A radioactive material has a half life of 500 years.
A) Given 20 grams of this material, how much will remain after 1,000 years?
B) Given 100 grams of this material, how much will remain after 750 years?
Thank you to whom ever can help me :)
well, 1000 years is 2 half-lives, so ...
To answer these questions, we can use the formula for radioactive decay:
Amount = Initial amount × (1/2)^(time/half-life)
A) Given that the half-life is 500 years and the initial amount is 20 grams, we can substitute these values into the formula to find the remaining amount after 1,000 years:
Amount = 20 grams × (1/2)^(1000 years/500 years)
= 20 grams × (1/2)^2
= 20 grams × 1/4
= 5 grams
Therefore, after 1,000 years, 5 grams of the radioactive material will remain.
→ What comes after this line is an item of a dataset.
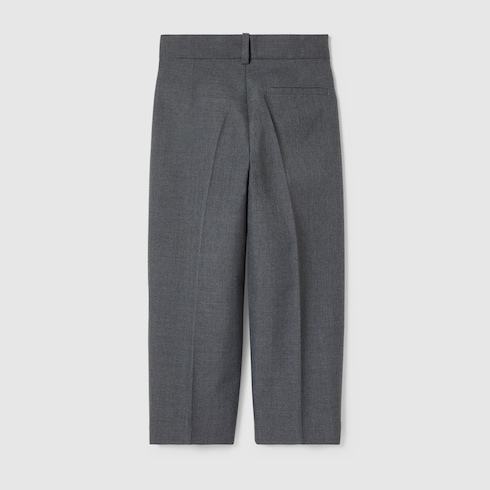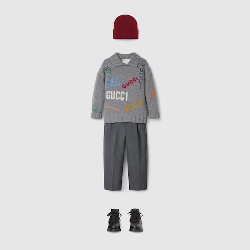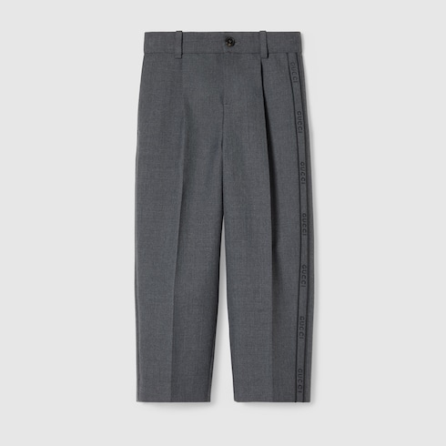Фирменные символы по-прежнему украшают детскую коллекцию Gucci Cruise 2025 в виде изящных вышивок и сплошных принтов. Эти брюки для детей 3–12 лет выполнены из шерстяной саржи и украшены вышитым логотипом Gucci.

B) Similarly, we can use the formula to find the remaining amount after 750 years, given an initial amount of 100 grams:
Amount = 100 grams × (1/2)^(750 years/500 years)
= 100 grams × (1/2)^(3/2)
= 100 grams × √(1/2)
≈ 100 grams × 0.7071
≈ 70.71 grams
Therefore, after 750 years, approximately 70.71 grams of the radioactive material will remain.